The following graph show the same trajectories, but with the bullet path converted to Minutes of Angle (MOA) above Line of Aim. Observe that the MOA difference between the lines is constant as distance is increased (the lines are "parallel"). This means that regardless of the zero distance dialed, there is the same angular difference between any two zero distances (e.g. 400 vs. 600 is approx 6 MOA.


There is one drop curve for a certain load (when the drop data is converted to angular units) and that that curve is merely translated up and down by dialing the elevation knob.

Data Confirmation by Shooting
It is important to verify computed data by actually shooting targets at various distances and looking at the actual hits (or misses) to determine if the elevation values are correct. Shooting known-distance targets every 100 yards out to the maximum range is a good way to do this.
Desired Sighting System Capabilities
Let's look at the things we want to accomplish with the rifle sighting system:
  1. Precisely specify drop hold-over out to our maximum engagement distance.
  2. Precisely specify wind drift out to our maximum engagement distance.
  3. Precisely specify target lead for moving targets/shooter.
  4. Range targets of known size when Laser Range-finders are not appropriate
  5. Observe target area
  6. Retain #1-5's capabilities in low light conditions
Optical Considerations
Magnified rifle optics have several salient optical properties which we need to understand before discussing the capability trade-offs later:
Parallax Error
Parallax is the error in apparent POA vs. actual POA due to misalignment of the shooter's eye vs. the scope's axis. A scope can be set to be parallax error free at one distance. A scope either has adjustable or fixed parallax. Fixed parallax means the distance at which there is no error is fixed to something like 100 or 200 yards from the factory. Most tactical scopes have adjustable parallax, which means the user can adjust the parallax error free distance on the fly to reduce parallax error whatever the current target's distance.
First Focal Plane vs. Second Focal Plane Definition
Variable-magnification optics can have a first focal plane (FFP) or second focal plane (SFP) reticle configuration. A first-focal (FFP) reticle's features always demarcate the same angular measurement regardless of the scope magnification setting. The reticle will appear to "shrink" and "grow" with the target area as the magnification is adjusted.
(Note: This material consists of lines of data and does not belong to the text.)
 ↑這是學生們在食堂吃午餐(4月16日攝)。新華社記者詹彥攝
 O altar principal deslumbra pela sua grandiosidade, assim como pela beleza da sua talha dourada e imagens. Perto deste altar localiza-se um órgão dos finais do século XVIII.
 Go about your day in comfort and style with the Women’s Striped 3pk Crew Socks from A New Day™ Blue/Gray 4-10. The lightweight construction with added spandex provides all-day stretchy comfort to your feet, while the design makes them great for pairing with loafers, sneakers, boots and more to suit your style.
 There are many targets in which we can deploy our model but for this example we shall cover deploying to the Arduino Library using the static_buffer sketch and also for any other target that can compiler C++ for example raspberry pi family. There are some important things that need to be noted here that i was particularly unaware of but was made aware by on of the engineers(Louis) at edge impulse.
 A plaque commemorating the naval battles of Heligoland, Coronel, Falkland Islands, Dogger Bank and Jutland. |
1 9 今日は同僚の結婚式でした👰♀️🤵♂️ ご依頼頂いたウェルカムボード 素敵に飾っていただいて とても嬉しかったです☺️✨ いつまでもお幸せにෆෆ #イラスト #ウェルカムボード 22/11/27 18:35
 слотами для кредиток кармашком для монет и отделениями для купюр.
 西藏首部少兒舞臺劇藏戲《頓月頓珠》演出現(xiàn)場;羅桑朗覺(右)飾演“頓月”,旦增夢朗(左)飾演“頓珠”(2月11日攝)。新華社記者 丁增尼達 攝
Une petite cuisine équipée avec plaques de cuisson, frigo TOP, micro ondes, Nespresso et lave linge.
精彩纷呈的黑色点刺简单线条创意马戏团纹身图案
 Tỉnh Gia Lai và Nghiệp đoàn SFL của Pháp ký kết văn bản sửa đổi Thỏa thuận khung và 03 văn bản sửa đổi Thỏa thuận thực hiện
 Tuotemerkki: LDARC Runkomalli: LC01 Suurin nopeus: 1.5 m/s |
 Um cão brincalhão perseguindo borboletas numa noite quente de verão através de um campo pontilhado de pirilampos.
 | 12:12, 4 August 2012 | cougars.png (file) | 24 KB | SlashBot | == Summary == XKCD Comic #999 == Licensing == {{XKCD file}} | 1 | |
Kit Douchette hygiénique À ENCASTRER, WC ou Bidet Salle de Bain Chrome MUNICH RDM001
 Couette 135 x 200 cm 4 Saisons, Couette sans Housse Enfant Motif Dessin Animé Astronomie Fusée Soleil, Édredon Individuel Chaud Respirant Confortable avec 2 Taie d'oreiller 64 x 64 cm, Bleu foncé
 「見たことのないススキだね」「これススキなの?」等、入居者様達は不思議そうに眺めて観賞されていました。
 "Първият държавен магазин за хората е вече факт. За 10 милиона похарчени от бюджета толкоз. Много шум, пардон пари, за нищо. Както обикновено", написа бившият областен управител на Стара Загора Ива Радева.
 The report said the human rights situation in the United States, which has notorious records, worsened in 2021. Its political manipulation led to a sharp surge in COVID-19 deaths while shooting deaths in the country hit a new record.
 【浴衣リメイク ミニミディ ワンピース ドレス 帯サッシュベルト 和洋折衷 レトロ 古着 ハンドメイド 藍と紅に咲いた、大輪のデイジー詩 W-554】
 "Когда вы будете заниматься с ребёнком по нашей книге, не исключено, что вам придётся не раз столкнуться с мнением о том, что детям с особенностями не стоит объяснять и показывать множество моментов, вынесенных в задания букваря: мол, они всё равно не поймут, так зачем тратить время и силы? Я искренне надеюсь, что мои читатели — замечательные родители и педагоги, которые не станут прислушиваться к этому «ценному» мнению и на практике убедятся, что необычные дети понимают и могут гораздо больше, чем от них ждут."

A second focal plane (SFP) reticle demarcates angular distance that depends on the scope magnification setting. The reticle appears to stay constant as the target area shrinks and grows as the magnification is adjusted.

A fixed power optic is FFP by definition.

Capability Tradeoffs
With the background out of the way, What are the capability trade-offs of the different feature choices?

Elevation Adjustment Methods
Elevation specification can be done by external knobs (or direct mount adjustment, e.g. the Elcan), via reticle features, or a combination.

Knobs: If the primary method of specifying elevation is by external knob, the knob will have "click" values. Each time the knob "clicks" to the next setting, the elevation setting will be changed by the click amount. Typical values of clicks are 1/4 MOA, 1/2 MOA, 1 MOA, or 0.1MIL.